Please begin with the line containing "San Onofre Nuclear" and reproduce each line exactly until the records below end, without any pictures.
════
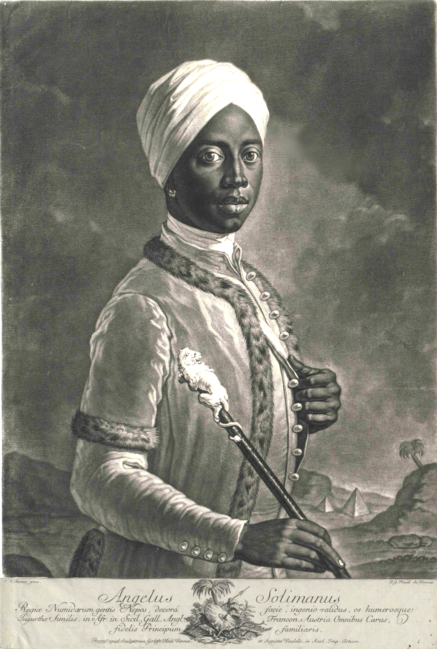 Angelo Soliman around 1750; engraving from the 18th century by Gottfried Haid based on an artwork by Johann Nepomuk Steiner
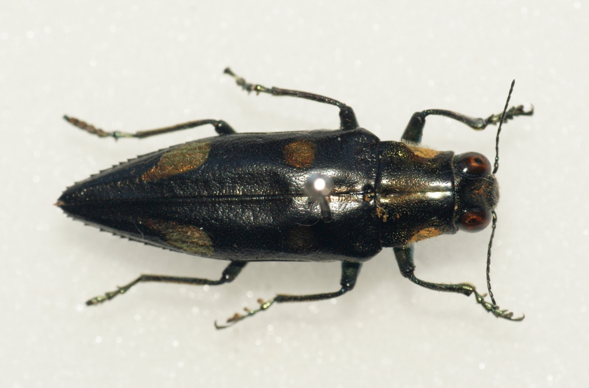 Buprestidae - In collection Rare
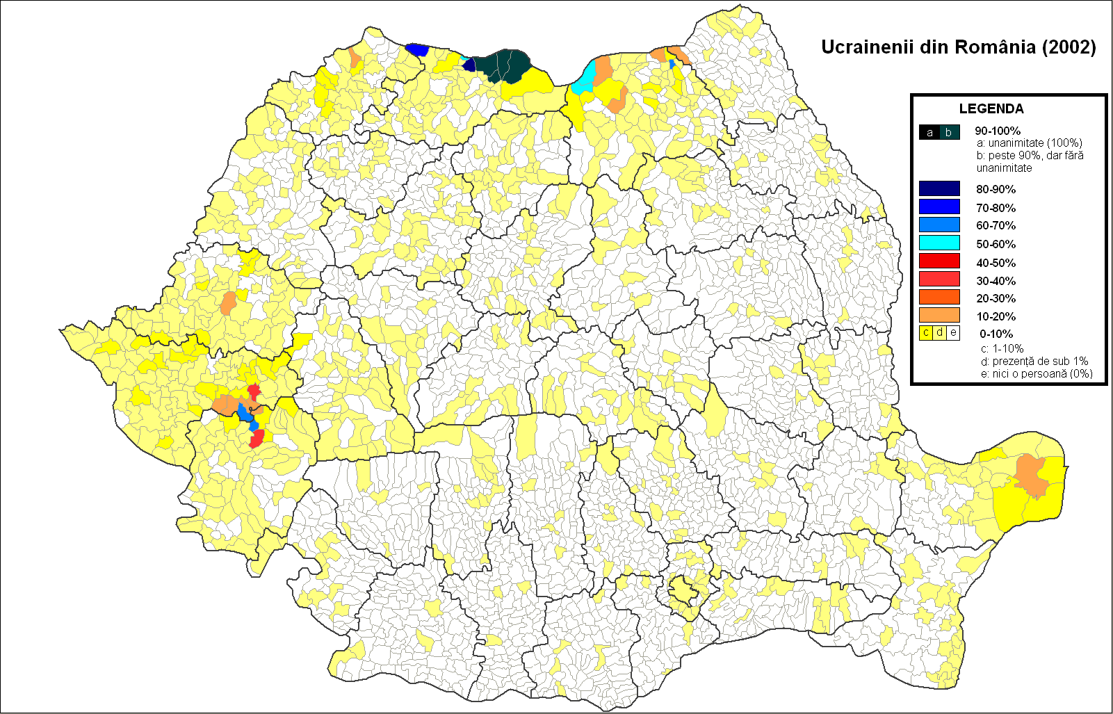 The distribution of the Ukrainians in Romania (census 2002)
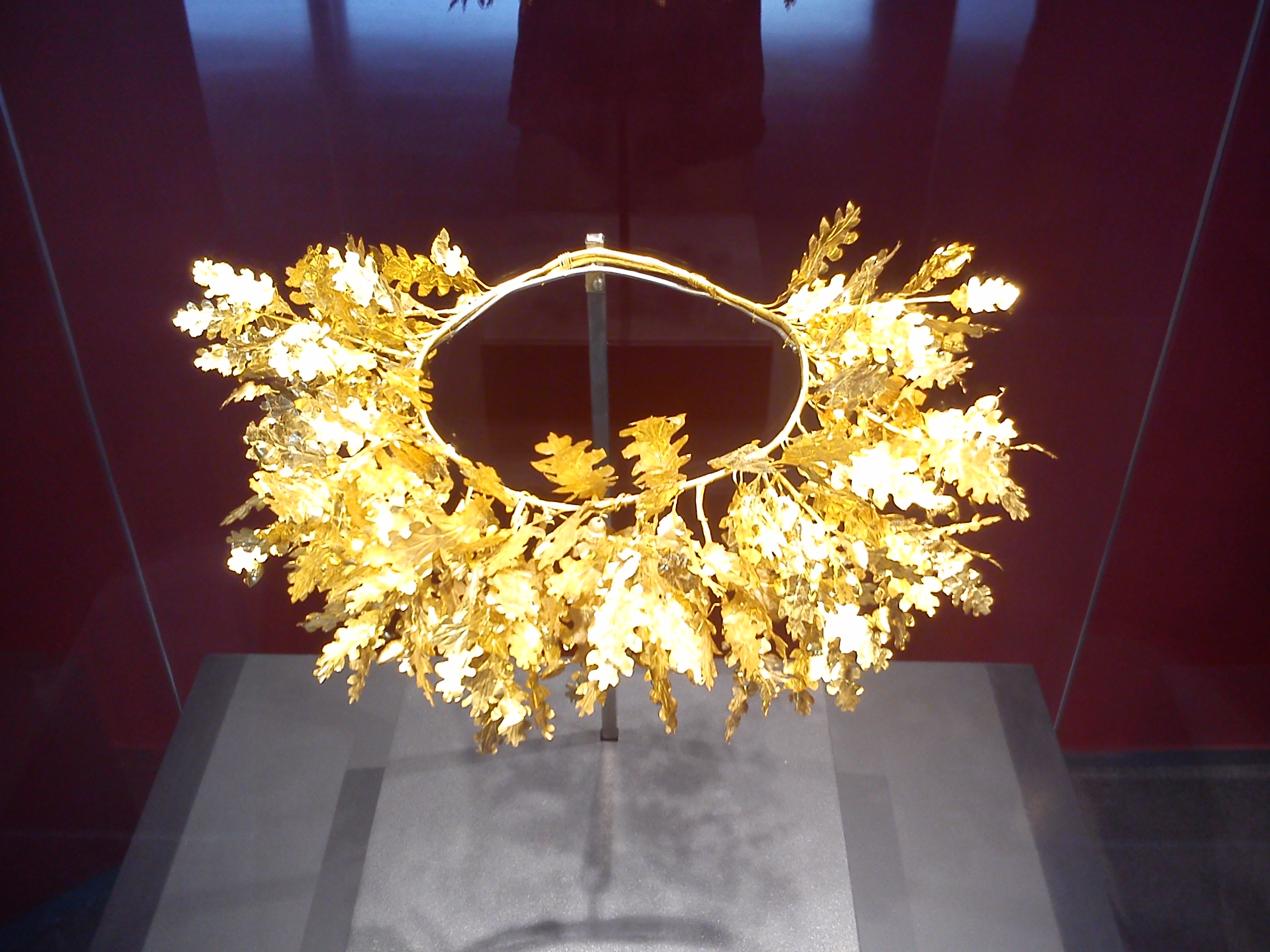 Royal crown from tomb in Aigai
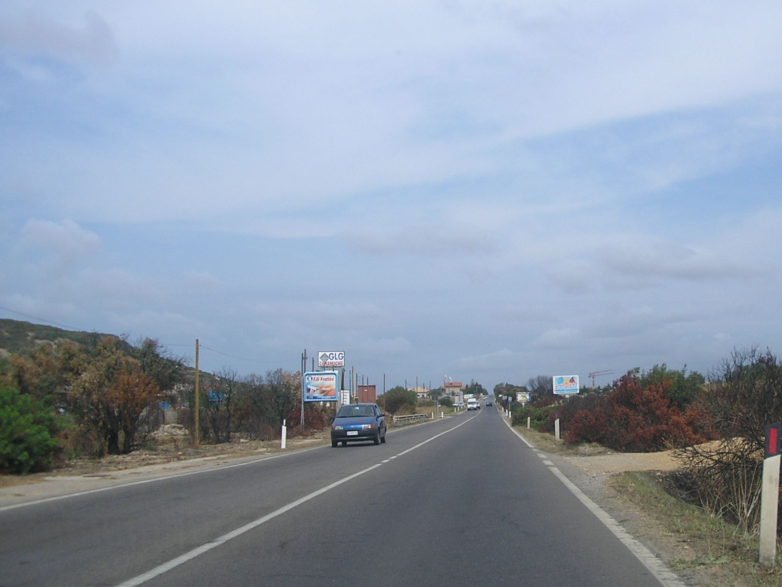 The SS 126 road, in the surroundings of Carbonia, Sardinia, Italy
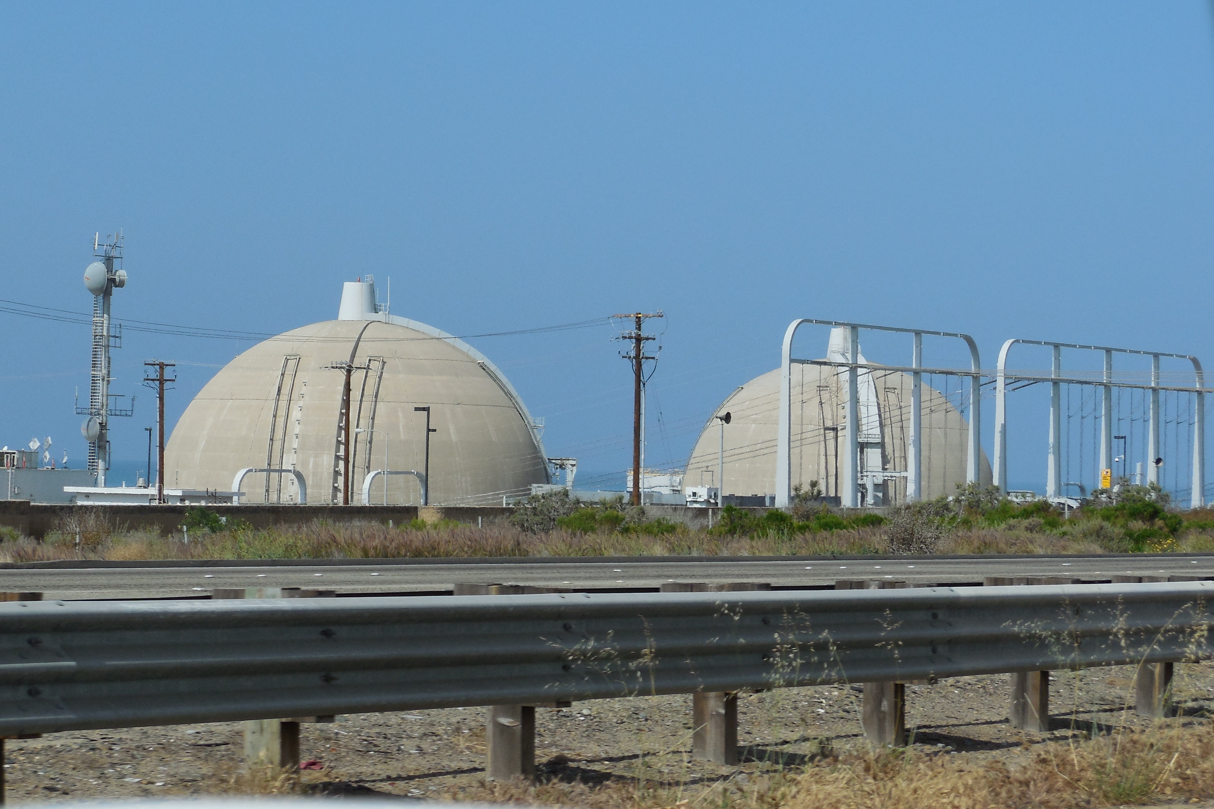 San Onofre Nuclear Generating Station as seen from Interstate 5 northbound, April 1, 2015.
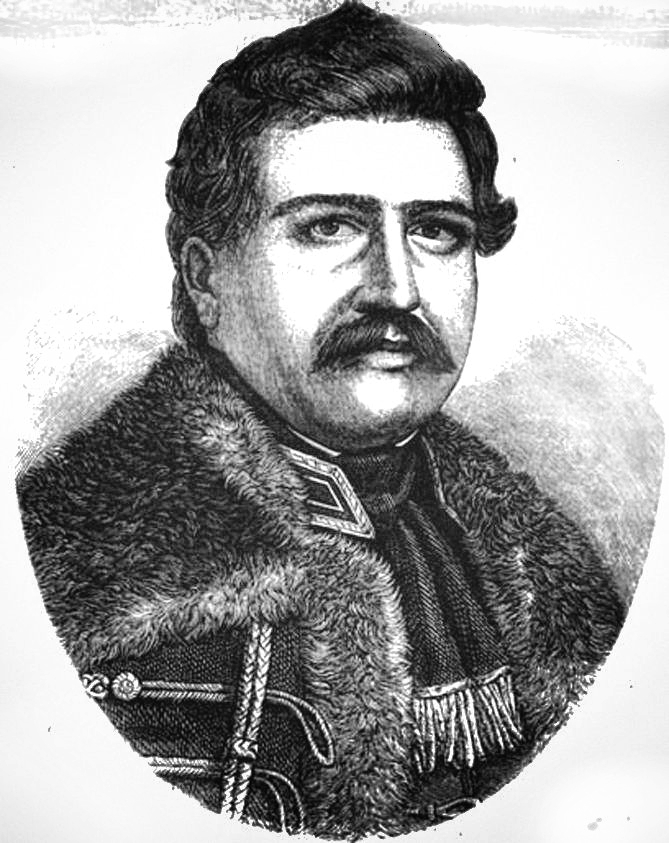 Gábor Döbrentei (1786–1851)
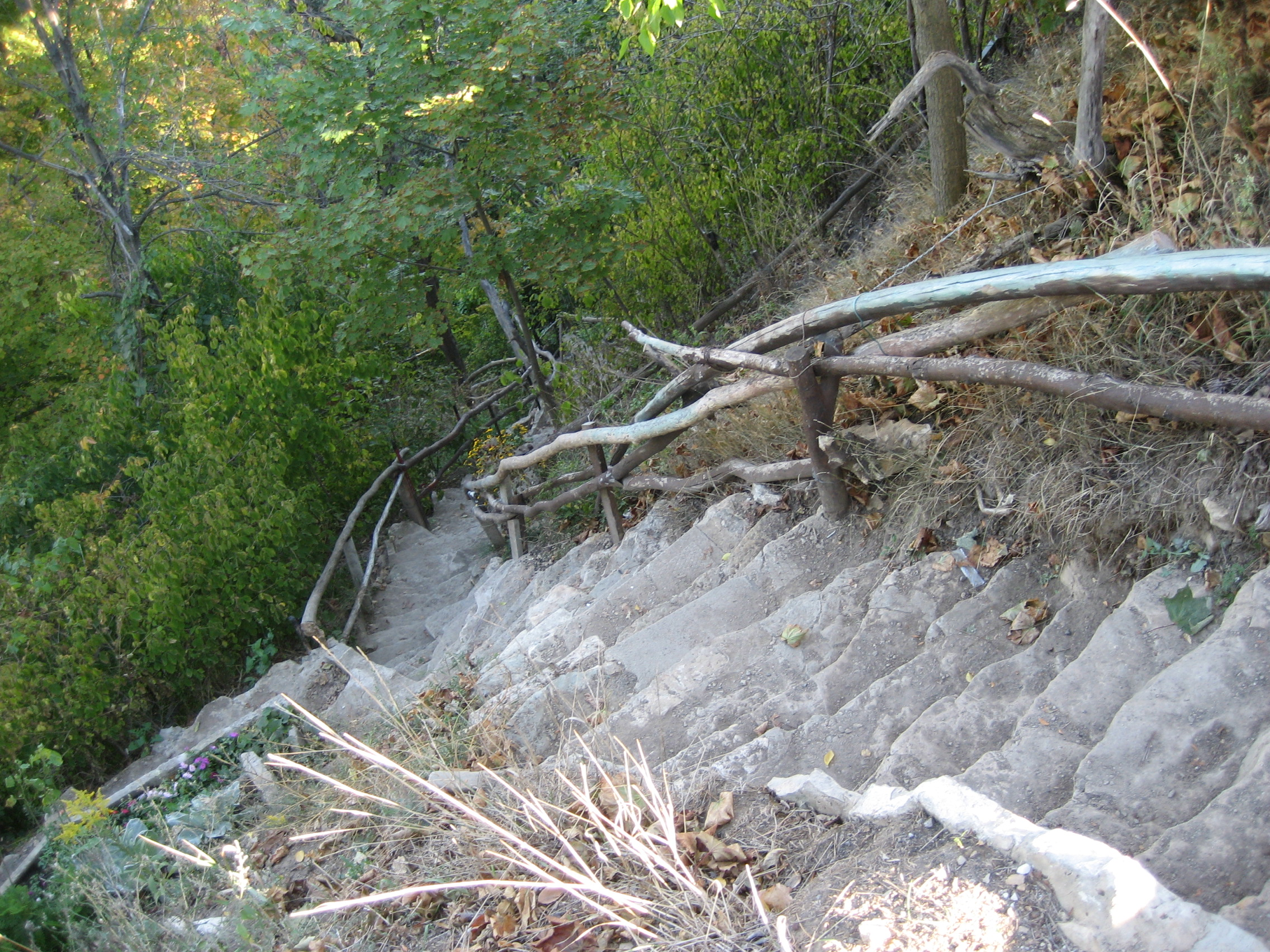 Uli's Stairs, Near Fennell Avenue & Upper King's Forest Park, Hamilton
════
» **Written solution**
 San Onofre Nuclear Generating Station as seen from Interstate 5 northbound, April 1, 2015.
 Gábor Döbrentei (1786–1851)
 Uli's Stairs, Near Fennell Avenue & Upper King's Forest Park, Hamilton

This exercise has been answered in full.